On Wednesday, OpenAI announced that one of its internal reasoning models had disproved a geometry conjecture Paul Erdős posed in 1946 — an open problem that had resisted mathematicians for nearly 80 years. The question is conceptually simple: if you place points on a flat plane, how many pairs can sit exactly one unit apart? Mathematicians had long believed the square grid was essentially the best possible arrangement. OpenAI’s model found an infinite family of configurations that beats it, using algebraic number theory — specifically, Golod-Shafarevich and infinite class field towers — that no one had previously connected to this problem. Noga Alon, Melanie Wood, and Thomas Bloom all independently verified the proof. Fields medalist Tim Gowers called it “a milestone in AI mathematics.”
That label is doing real work. The kind of reasoning required to solve a genuine open problem in combinatorics is different from the kind required to summarize documents or write code. It requires searching a space where the path is not known, and combining tools from entirely separate subfields in ways no one has tried before. For that to work — well enough that multiple elite mathematicians read it and said it was correct — the model has to be doing something that looks more like mathematical thinking than information retrieval.
The talent signal
The day before, Andrej Karpathy announced he had joined Anthropic’s pretraining team. He co-founded OpenAI, directed Tesla’s Autopilot AI, and most recently founded Eureka Labs. He’s among the few people capable of materially advancing what frontier models can do. His stated role: build a team that uses Claude to accelerate pretraining research itself — the training runs that give models their core capabilities. The recursive element is deliberate. Karpathy is betting that Anthropic’s pretraining trajectory is where the important work is, and that using AI to speed up AI training is the right approach. When someone with his background makes that bet with his career, it carries weight.

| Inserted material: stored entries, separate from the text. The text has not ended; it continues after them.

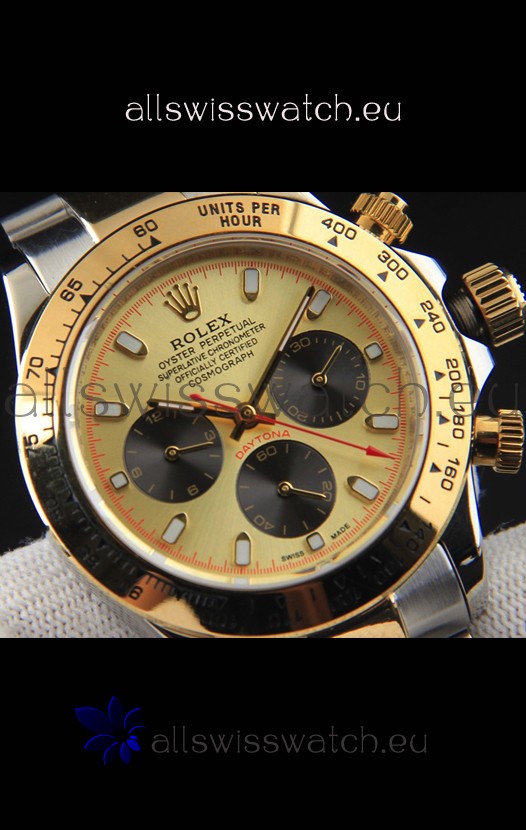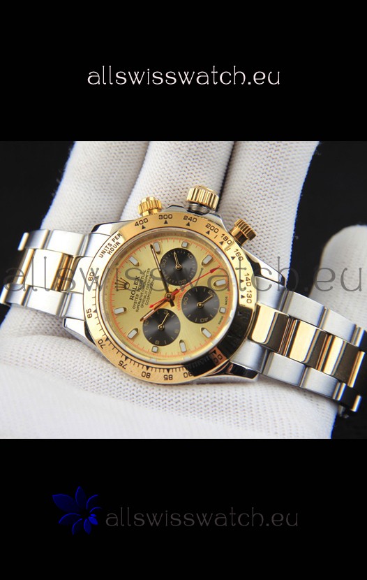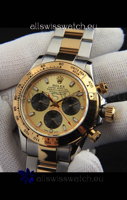 Rolex Daytona Japanese Movement Two Tone Gold Casing Watch in Gold Dial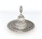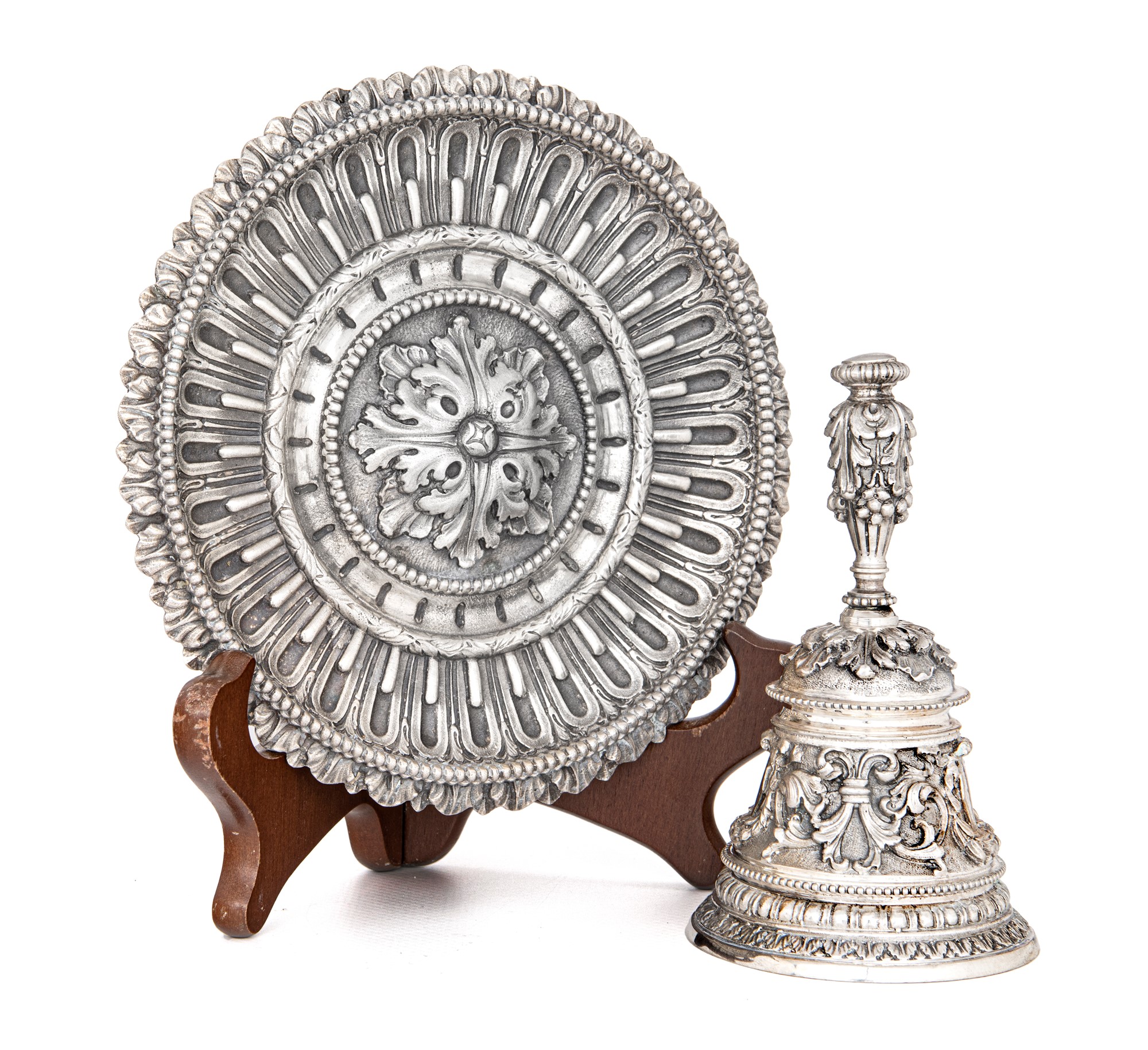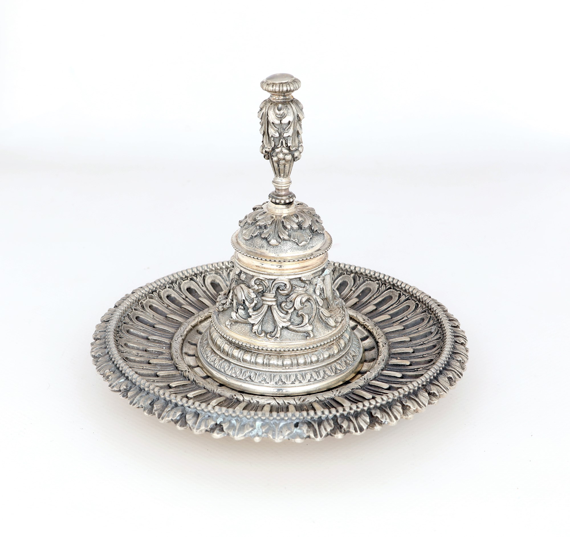 Campanello con piattino in argento 800/000, argentiere Genazzi, Milano 1950 ca. caratterizzati da decorazione in bassorilievo minuziosamente cesellata cm 12x7,5 e diametro cm 16 - peso complessivo gr. 740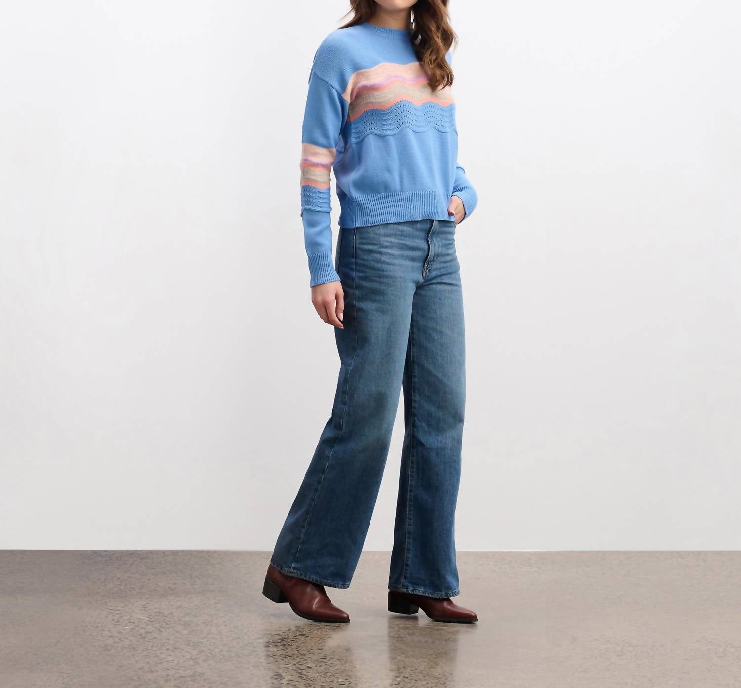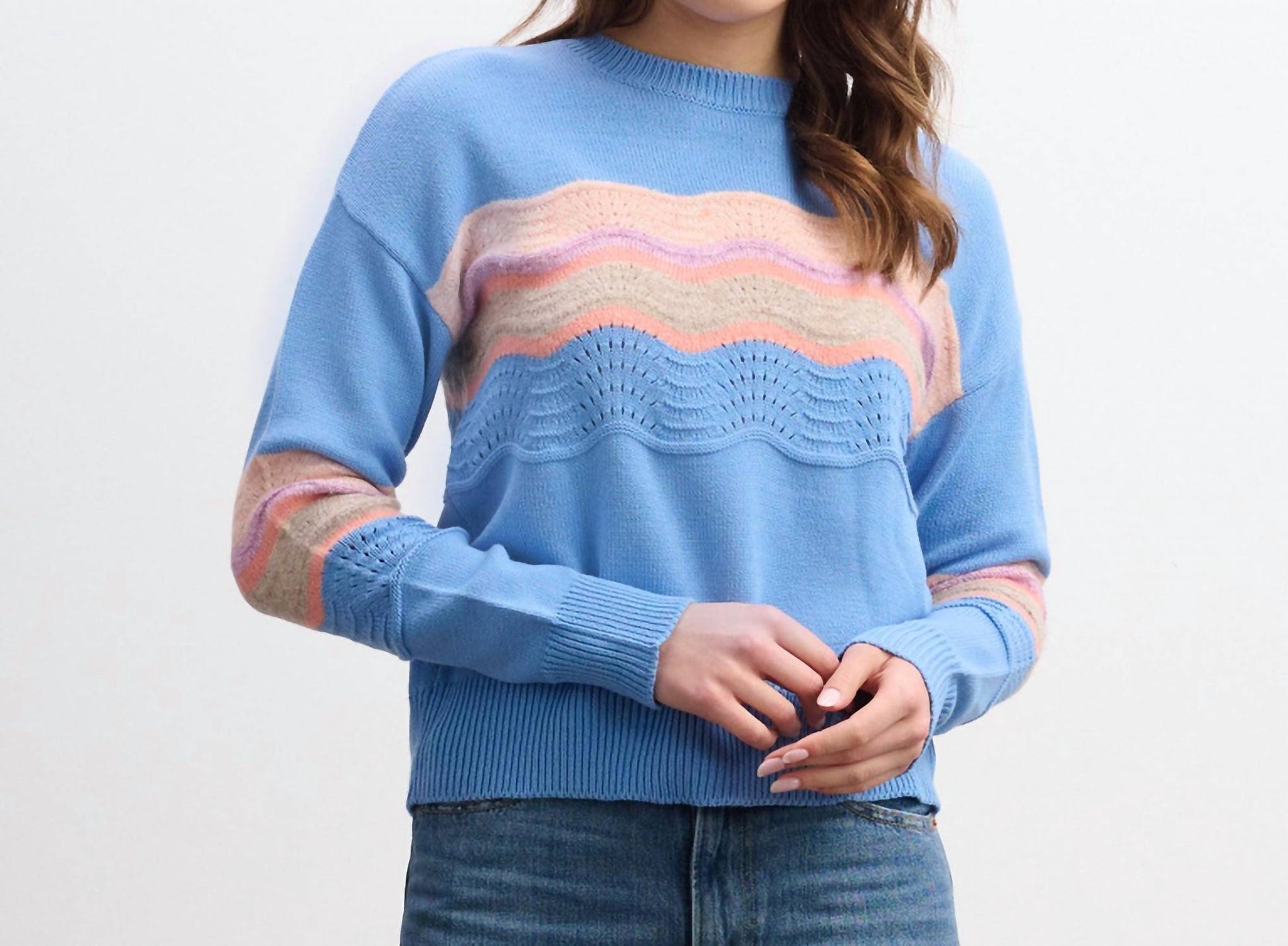 The ultimate go-to sweater, expertly crafted to provide the perfect combination of warmth and style. Its classic design and soft fabric make it a must-have addition to your wardrobe. Elevate your wardrobe with the Hatley Pointelle Wave Sweater in Sky Blue Ripple, perfect for chic everyday wear. This sweater features long sleeves and a relaxed fit with dropped shoulders, crafted in a soft jersey knit of 60% cotton and 40% acrylic. The regular-length design sits comfortably at the hip and showcases a subtle wave pattern, finished with ribbed hem and cuffs. With a classic crew neckline and pullover style, it's a versatile piece for pairing with denim, skirts, or tailored pants.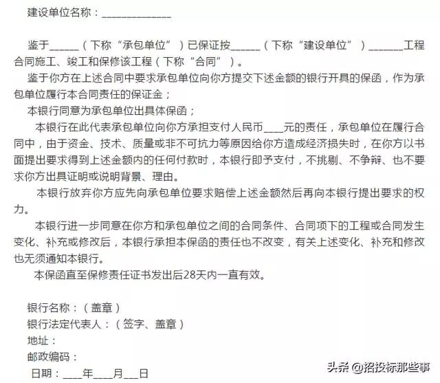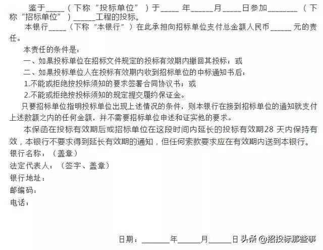 12.2 根据投标单位的选择,投标保证金可以是现金、支票、银行汇票。也可以是在中国注册的银行出具的银行保函,银行保函的格式,应符合招标文件的格式,银行保函的有效期应超出投标有效期28天。
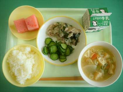 今日の給食は、ごはん、牛乳、豚肉の塩こうじ炒め、きゅうりもみ、みそ汁、すいかです。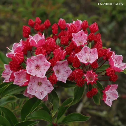 Кальмия Оливия широколистная - Кустарник высотой и шириной 3 м, плотный, густой. Листья от овальных до эллиптически-ланцетных, блестящие, темно-зеленые, длиной до 12 см. Цветки чашевидные, от светло- до темно-розовых, иногда белые (с пурпурным рисунком), диаметром 2-2,5 см, собраны в щитки диаметром 8-10 см.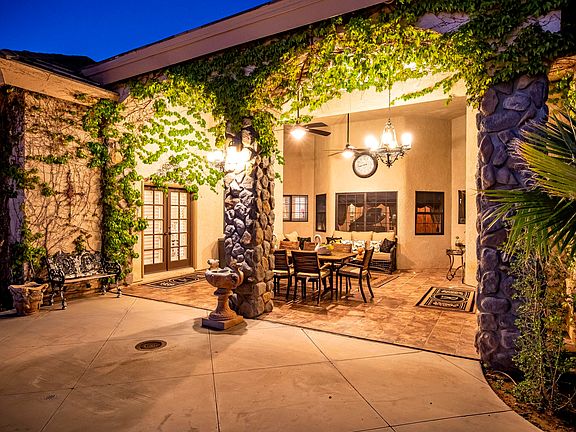 STUNNING ESTATE HOME WITH GUEST QUARTERS/POOL HOUSE on over an Acre in very Desired Custom Neighborhood. You'll be impressed by the Attention to Detail from the moment you enter through the Electric Front Gate. The Circular Drive Surrounds a Massive Fountain. The Manicured front Landscape features lots of Dimension & Color with Mature Trees, Artificial Turf, Walkways. The Architectural Detail includes a Stone Accents & Pillars, a Covered Walkway and Sitting Area & Wood Garage Doors. You enter the Home thru Custom Double Wood Doors. The Entry is Grand with High Ceilings. The Formal Living Room & Dining Rooms have plenty of Windows for picturesque views of the Front and Back. The Heart of the Home is the Large Family Room with White Builtins along the entire wall, Plantation Shutters, New Lush Carpet and lots of Natural Light. And the Family Room is adjacent to the Kitchen, perfect for family living. You'll love the newly Remodeled Dream Kitchen with White Shaker Cabinets with Soft close Drawers, Rich Quartz Countertops, Stainless Appliances including a Trash Compactor and a Warming Drawer. The Master Bedroom is huge with Cozy Fireplace, a Huge Walkin Closet with Builtins and a Slider to the back Patio. The Master Bathroom is Luxurious with lots of Cabinets, Spa Tub and Oversized Shower. It's an incredible home! And there is not only this gorgeous 3089sf home, there is also a 1000sf Detached Guest Home/Quarters (or a Pool House for Entertaining) complete with a Spacious Great Room with a Wetbar, a Bedroom with a Roomy Closet & a Lovely Bathroom complete with an Oversized Custom Tiled Shower (which has never been used). And--an Attached Oversized Two Car Garage. The entire acre is finished & ready for your Family and Friends. A Covered Patio with Ceiling Fans & a TV. A Massive Inground Pool with a Raised Spa with Water Features & a Raised Lounge Area, A BBQ Cabana, Paved RV Parking, a Basketball Court, Lush Landscaping including Palm Trees & much more!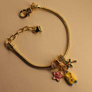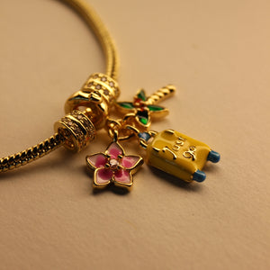• Design: Textured charm bracelet with floral, suitcase, and palm motifs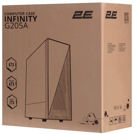 Типоразмер корпуса Mid Tower — это совместимость с материнскими платами ATX, Micro ATX, Mini ITX. Корпус без блока питания. Пользователю предоставляется возможность самостоятельного выбора источника питания, в зависимости от уровня системы, который устанавливается в нижней части корпуса. Корпус 2E Infinity (G205А) подходит для сборки домашнего ПК и мощной игровой системы, лаконично впишется и дополнит современный интерьер. Максимально возможная для установки длина видеокарты — 345 мм. Корпус предоставляет возможности монтажа достаточного количества накопителей, в наличии 7 слотов расширения. Предусмотрена установка до 6-ти вентиляторов (в комплекте установлено 3 вентилятора) и охлаждения для процессора высотой до 160 мм.

What the builders actually think
Earlier this month, Anthropic co-founder Jack Clark gave a lecture at Oxford. He told students that AI will help make a Nobel Prize-winning scientific discovery within 12 months, bipedal robots will be assisting tradespeople within two years, and AI-run companies generating revenue will exist within 18 months. He described the current period as producing a “vertiginous sense of progress” — framed not as hype but as a lived operational reality for the people actually building these systems.
Then he said that the risk of AI killing everyone on the planet “hasn’t gone away.” That combination is worth pausing on. It would be easy to read either half in isolation — the confident predictions or the extinction-risk caveat — but Clark is clearly committing to both simultaneously, not hedging between them. He believes the transformation is arriving faster than most people expect and that the danger is real. That’s a harder position to hold than either pole, and more likely to be accurate.
Three different types of evidence this week — empirical (the Erdős proof), revealed preference (Karpathy’s career choice), verbal testimony (Clark’s lecture) — all pointing in the same direction. The frontier is moving faster than the median estimate of 2025 would have suggested, and the people closest to it are acting accordingly.